Le long fleuve tranquille du département du Cher


Le nouveau président du CD 18, Jacques Fleury, a dévoilé les axes prioritaires qu’il souhaite suivre pour la durée de son mandat. Jeunesse, social, infrastructures routières, gestion de l’eau, font partie, entre autres, d’un large panel. Tout cela avec la volonté de mener le département de manière consensuelle dans un contexte budgétaire délicat.
Même si sa sensibilité accorde la priorité à l’humain, Jacques Fleury, élu à la présidence du Conseil départemental le 1er juillet dernier, n’en est pas moins un pragmatique. S’il souhaite que la plupart des décisions prises en Conseil départemental soient assorties de l’unanimité, il sait très bien que ce ne sera pas toujours le cas. « Il faut que le débat soit riche. » Avec 293 commissions, la machine est lourde et nécessite des prises de responsabilités. Par exemple, la volonté de son binôme, ex-candidate à la présidence, Véronique Fénoll, de poursuivre son travail au sein de celle liée au canal de Berry, est un signe que la gestion de ce patrimoine, et de l’eau en général est une des priorités de la majorité départementale. Le sujet est chaud avec un aménagement pour les vélos qui est de plus en plus de qualité, associé à un entretien des berges parfois problématique. « Il va falloir trouver une entente avec les communes », estime Jacques Fleury qui a déjà quelques idées en tête sur le sujet comme la possibilité pour le Département de prendre à son compte le nettoyage, avec une participation des communes. « La politique de l’eau est un gros dossier. Surtout, ses réserves. Il va falloir vraiment se pencher sur l’interconnexion des bassins pour les champs captants, par exemple. » Dans le même ordre d’idée, le président aimerait bien trouver des solutions acceptables par tous pour des marais de Bourges retrouvés.

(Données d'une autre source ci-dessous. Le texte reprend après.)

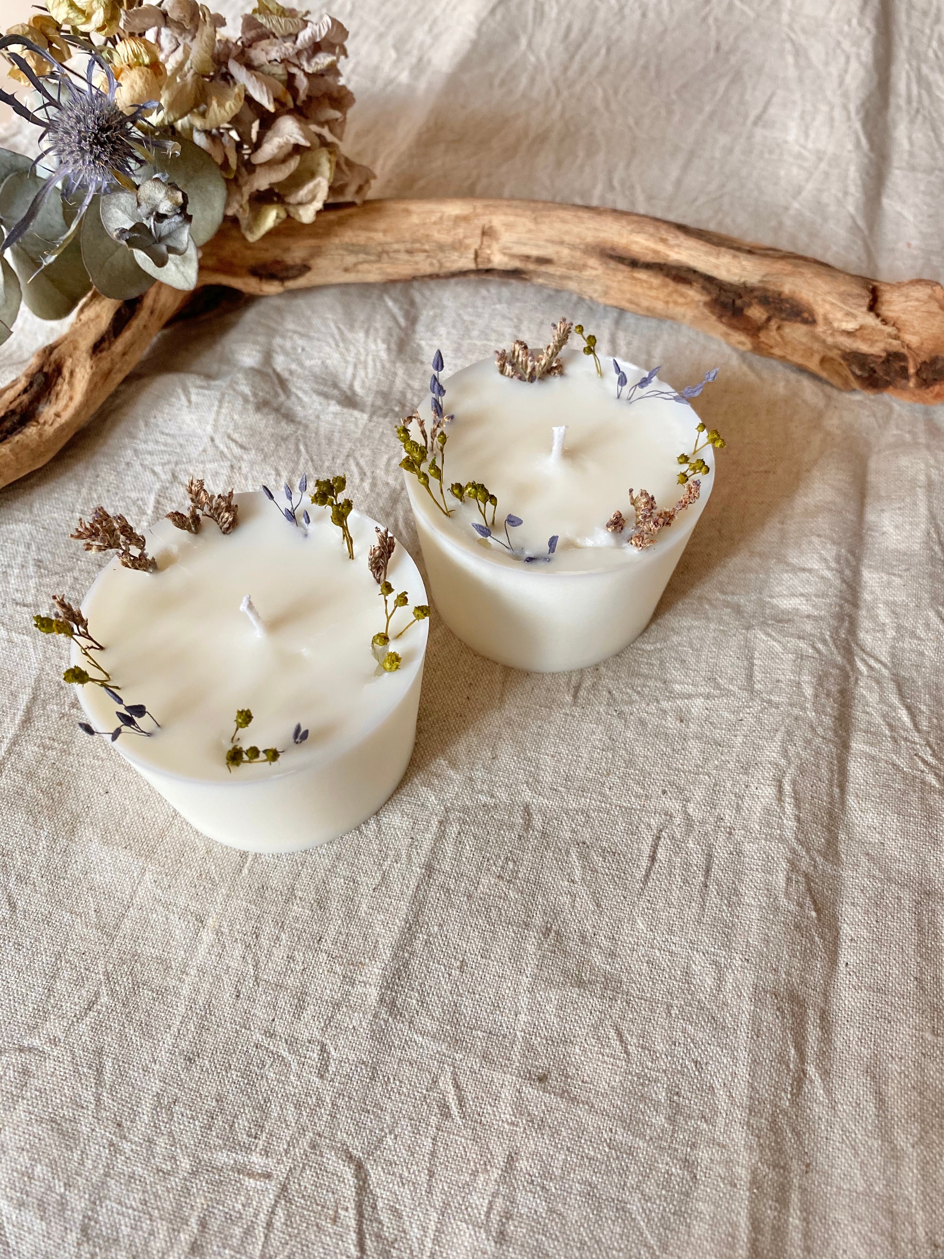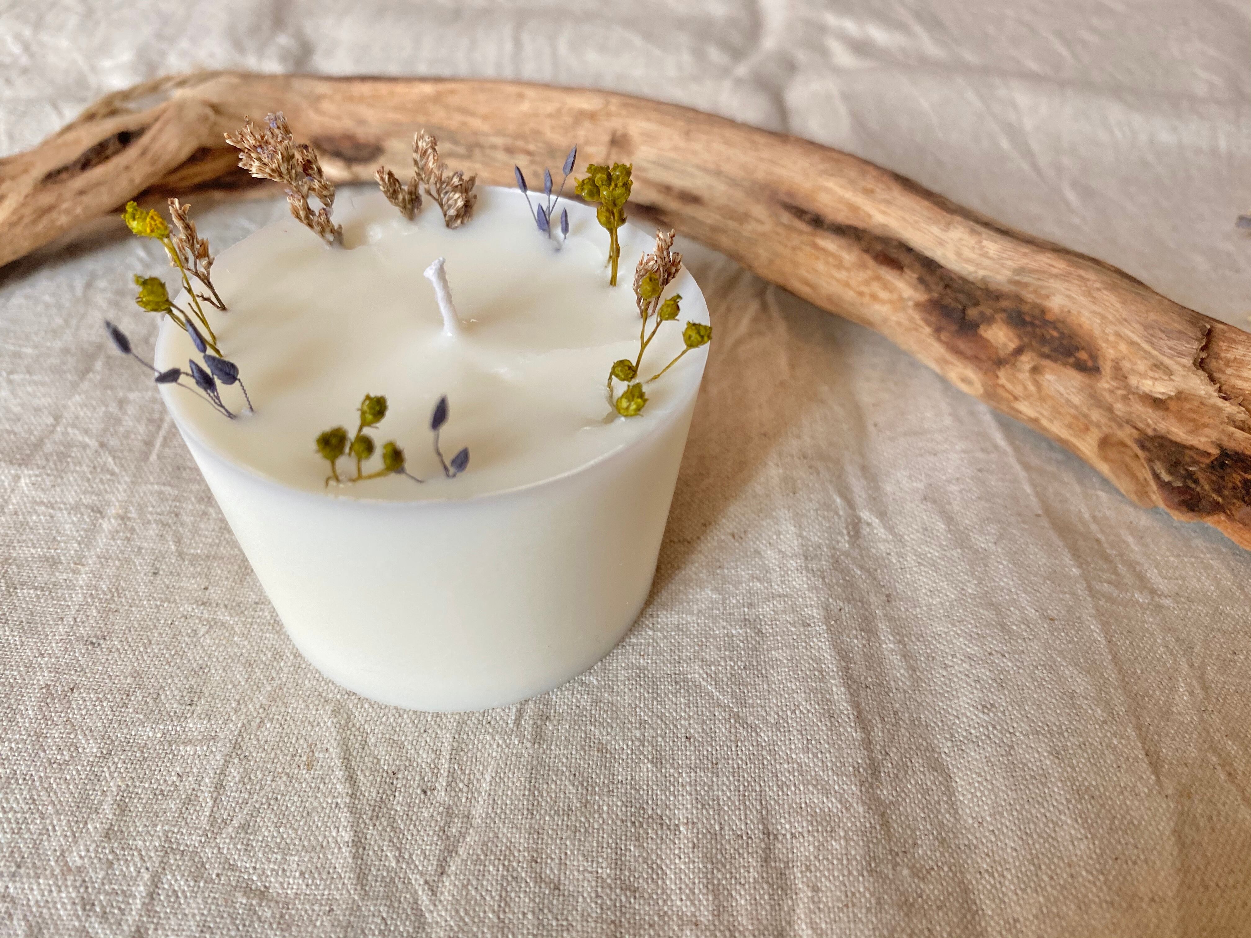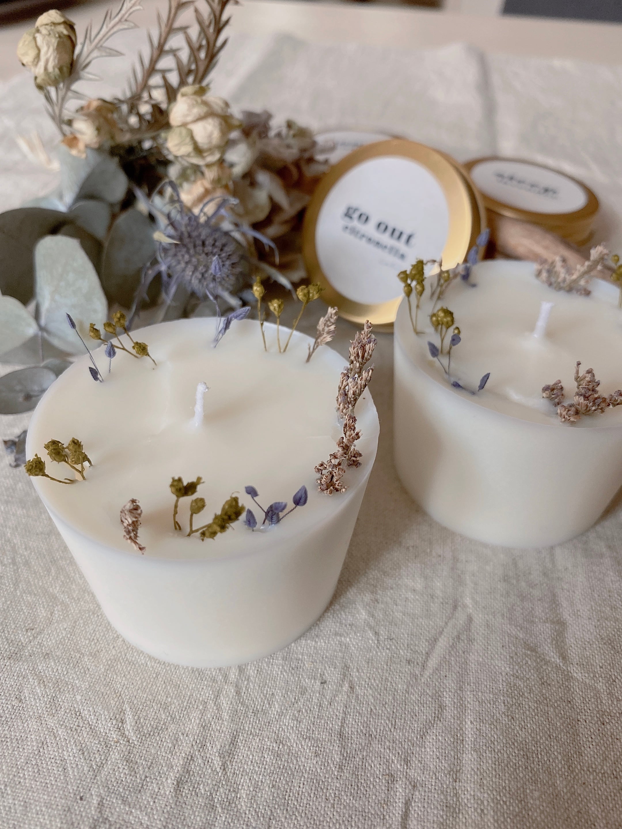 ドライフラワーをあしらったボタニカルキャンドルのsmallサイズ。

Autre sujet important, la politique sociale qui doit « inclure toutes les catégories d’âges, et plus particulièrement les personnes en situation de handicap. » Si d’un côté est envisagé, pour une partie de la population, le déploiement d’une politique publique globale avec la création d’un comité départemental des jeunes ( type conseil municipal des jeunes) en partenariat avec l’Éducation nationale, ou encore la création d’un centre d’accueil d’urgence, ou encore poursuivre et enrichir la proposition de l’opération « mobilité-secours », les autres parties des habitants du Cher ne seront pas oubliées. Les problématiques liés à la recherche d’emploi pour les bénéficiaires du RSA, la mobilité entre autres, pour les personnes en situation de handicap aussi. La crise Covid a par ailleurs impacté ce secteur avec, pour l’heure, près de 10 000 allocataires du Revenu de solidarité active (RSA).

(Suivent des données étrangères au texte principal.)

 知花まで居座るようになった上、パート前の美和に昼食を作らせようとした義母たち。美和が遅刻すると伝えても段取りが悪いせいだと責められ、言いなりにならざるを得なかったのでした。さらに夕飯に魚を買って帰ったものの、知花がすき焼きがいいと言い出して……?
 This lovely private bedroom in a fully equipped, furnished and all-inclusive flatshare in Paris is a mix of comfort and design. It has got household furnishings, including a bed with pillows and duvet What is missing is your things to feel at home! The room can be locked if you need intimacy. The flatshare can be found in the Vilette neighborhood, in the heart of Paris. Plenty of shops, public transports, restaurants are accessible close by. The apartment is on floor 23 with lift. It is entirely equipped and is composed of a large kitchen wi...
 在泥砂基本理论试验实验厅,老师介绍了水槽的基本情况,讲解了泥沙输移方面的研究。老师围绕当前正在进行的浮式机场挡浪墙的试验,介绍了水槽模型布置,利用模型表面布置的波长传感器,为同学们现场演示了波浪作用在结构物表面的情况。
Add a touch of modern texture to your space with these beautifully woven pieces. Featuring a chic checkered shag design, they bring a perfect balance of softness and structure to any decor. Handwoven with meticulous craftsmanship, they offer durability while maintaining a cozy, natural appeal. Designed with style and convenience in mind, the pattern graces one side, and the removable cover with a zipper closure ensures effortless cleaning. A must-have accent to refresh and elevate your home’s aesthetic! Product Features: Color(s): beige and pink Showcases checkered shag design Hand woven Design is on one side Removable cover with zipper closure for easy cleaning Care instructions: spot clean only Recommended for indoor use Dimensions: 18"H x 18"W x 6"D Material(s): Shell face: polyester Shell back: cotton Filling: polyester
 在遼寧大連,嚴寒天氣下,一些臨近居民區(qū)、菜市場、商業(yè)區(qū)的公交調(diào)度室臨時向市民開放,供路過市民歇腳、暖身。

Rocade et sortie d’autoroute
En ce qui concerne les infrastructures routières, outre le maintien du réseau actuel, se greffe le chantier de la rocade nord-ouest de Bourges. Un sujet économiquement compliqué même si « en anticipant, nous avons, au Département, conservé une marge de manœuvre financière, même si les dépenses Covid sont chiffrées à 10 millions d’euros. » Afin de terminer les 7 kilomètres de contournement de Bourges, il manquerait de 5 à 8 millions d’euros … et aussi le déclassement de cette voie pour que les engins agricoles puissent y circuler. « On espère avoir fini en 2025 … Il aura fallu 25 ans, pour construire cette rocade ! Pour le moment il faut se mettre autour de la table pour trouver les derniers financements. C’est un dossier que je vais découvrir mais, très certainement, le Département, l’Agglomération devront remettre un peu d’argent, l’État aussi. Nous allons en discuter avec le préfet. ». Pour les accès autoroutiers, le Département est toujours en attente. « Cofiroute va lancer les études pour construire une bretelle de délestage (sur la sortie existante. NDLR), nous souhaiterions que ce soit accompagné d’une autre bonne nouvelle, celle d’un deuxième échangeur… » a évoqué Jacques Fleury avant de souligner que « nous allons entrer dans une période compliquée d’un point de vue financier pour les départements. »On peut comprendre la revalorisation de tous les métiers d’aides à domicile, des catégories C aussi, mais il faut avoir l’enveloppe. C’est le Département qui paye… « Il va falloir jouer serré. Nous n’avons pas de droit à l’erreur. Là comme sur d’importants dossiers comme le château de Culan ou la cathédrale de Jean-Linard. »
Ne pas se lancer dans des dépenses inconsidérées, tel sera donc le leitmotiv pour les prochains mois.